Extension of PointNet with Hierarchical Structure

  • While PointNet uses a single max pooling operation to aggregate the whole point set,
    this architecture builds a hierarchical grouping of points,
    and progressively abstract larger and larger local regions along the hierarchy.

  • Hierarchical structure is composed by a number of set abstraction levels.
    At each level, a set of points is processed and abstracted to produce a new set with fewer elements.

  • set abstraction level is made of 3 key layers:
    1) Sampling layer,
    2) Grouping layer and
    3) PointNet layer
    .

Set Abstraction Layer

  • Sampling layer: Selecets a set of points from input points, which defines the centroids of local regions.

  • Grouping layer: then constructs local region sets by finding "neighboring" points around the centroids.

  • PointNet layer: uses a mini-PointNet to encode region patterns into feature vectors.

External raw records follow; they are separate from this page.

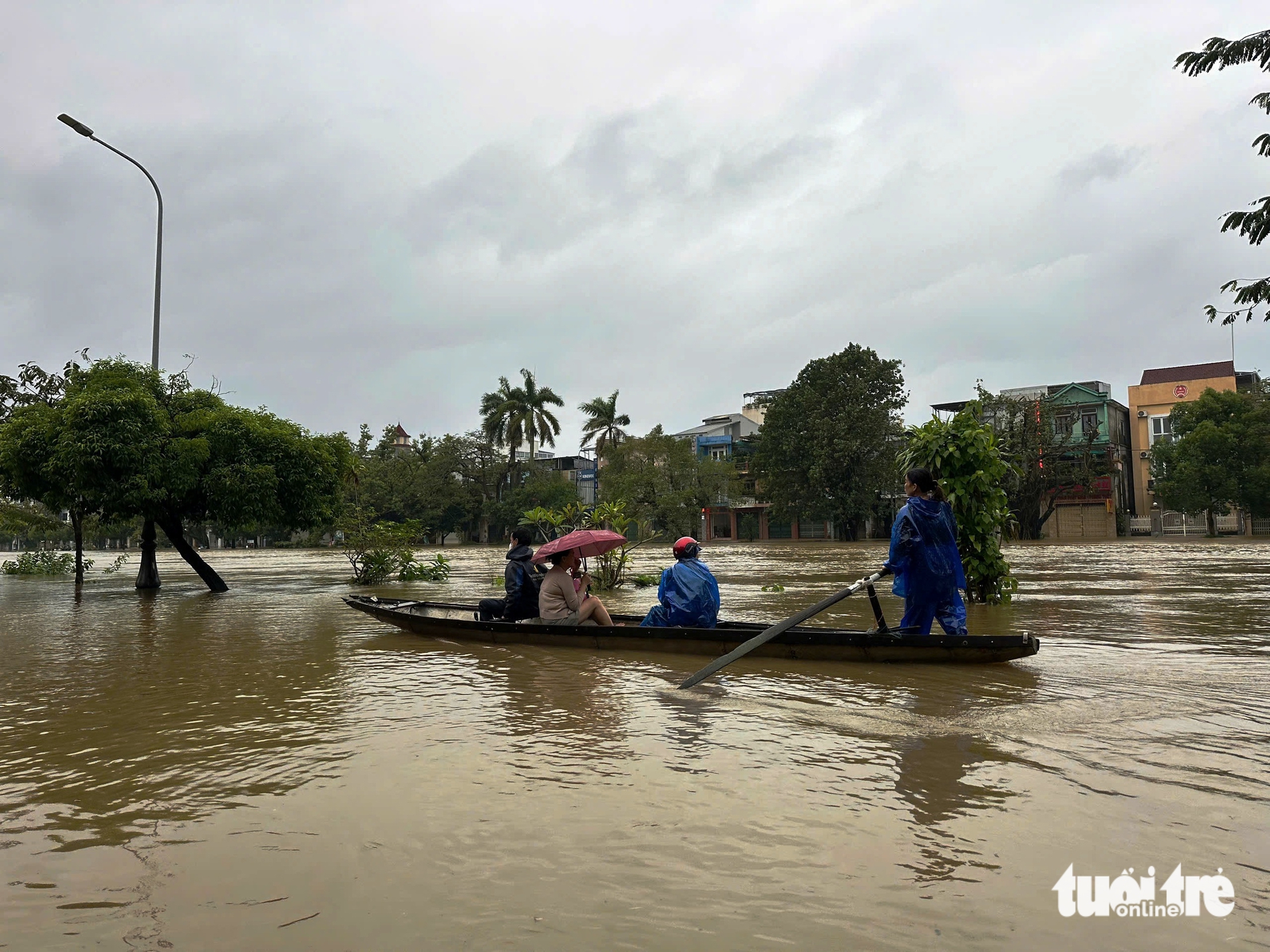 Nước sông Hương dâng cao, người dân phải dùng xuồng để di chuyển, đi lại giữa đường - Ảnh: NGUYÊN QUÝ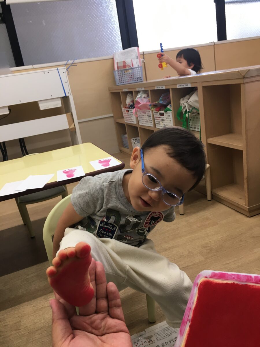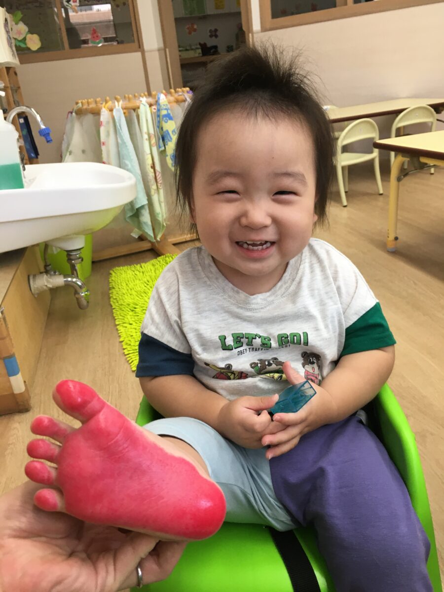 今日は敬老の日のプレゼントに使う手形と足形をとりました😃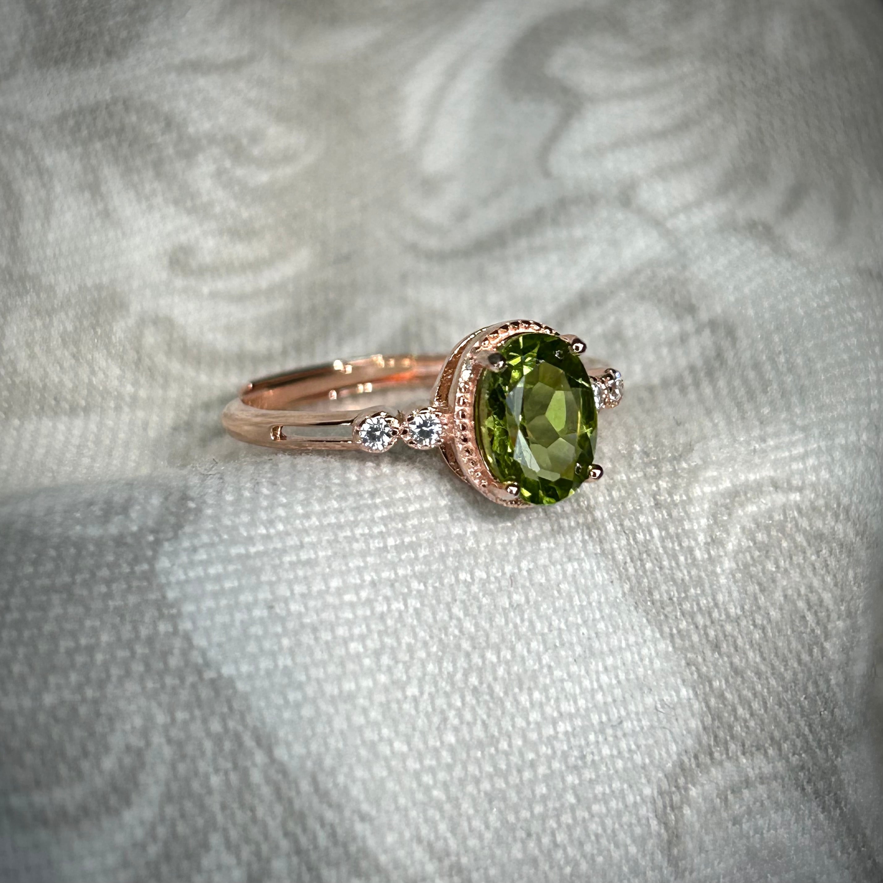 シルバー製ピンクゴールドカラー、ペリドットのグレースリング。

  • input: N x (d + C) matrix
    from N points, with d-dim coordinates, and C-dim point feature.

  • output: N' x (d + C') matrix
    N' subsampled points, with d-dim coordinates, and new C'-dim feature vectors summarizing local context.

Details of Set Abstraction Layer

  • Sampling layer: Farthest Point Sampling(FPS)
    Given input points {x1, x2, ..., xn},
    this layer use iterative farthes point sampling(FPS) to choose a subset of points , such that xij is the most distant point (in metric distance) from the set {xi1, xi2, ... ,xi(j-1)} with regard to the rest points.
    Performacne: better coverage of the entire point set given the same number of centroids, Compared with random sampling.

  • Grouping layer: Radius-based ball query
    -input: a point set of size N x (d+ C), coordinates of a set of centroids of size (N' x d)
    -output: groups of point sets of size N' x K x (d + C),
    where each group correspoinds to a local region and K is the number of point in the neighborhood of centroid points.

  • PointNet layer
    This paper uses PointNet as the basic building block for local pattern learning.
    By using relative coordinatees together with point features, it can capture point-to-point relations in the local region.
    -input: N' local regions of points with data size N' x K x (d + C)
    -output: Each local region in the output is abstracted by its centroid and local feature that encodes the centriod's neighborhood. data size is N' x (d + C')

PointNet++: Robust Feature Learning under Non-Uniform Sampling Density

Challenge for point set feature learning

  • It is common that a point set with non-uniform density in different areas.
  • Non-uniformity introduces a significant challenge for point set feature learning.
  • Features learned in dense data may not generalize to sparsely sampled regions.
    Consequently, models trained for sparse point cloud may not recognize fine-grained local structures.

Solution of this Paper

  • What it want is to inspect as closely as possible into a point set to capture fines details in densely sampled regions.
  • However, such close inspect is prohibited at low density areas, because local patterns may be corrupted by the sampling deficieny.
    In this case, looking for larger scale patterns in greater vicinicty is needed.
  • This paper propose density adaptive PointNet layers that learn to combine features from regions of different scales, when the input sampling density changes.
    This Hierarchical network with density adaptive PointNet layer is PointNet++.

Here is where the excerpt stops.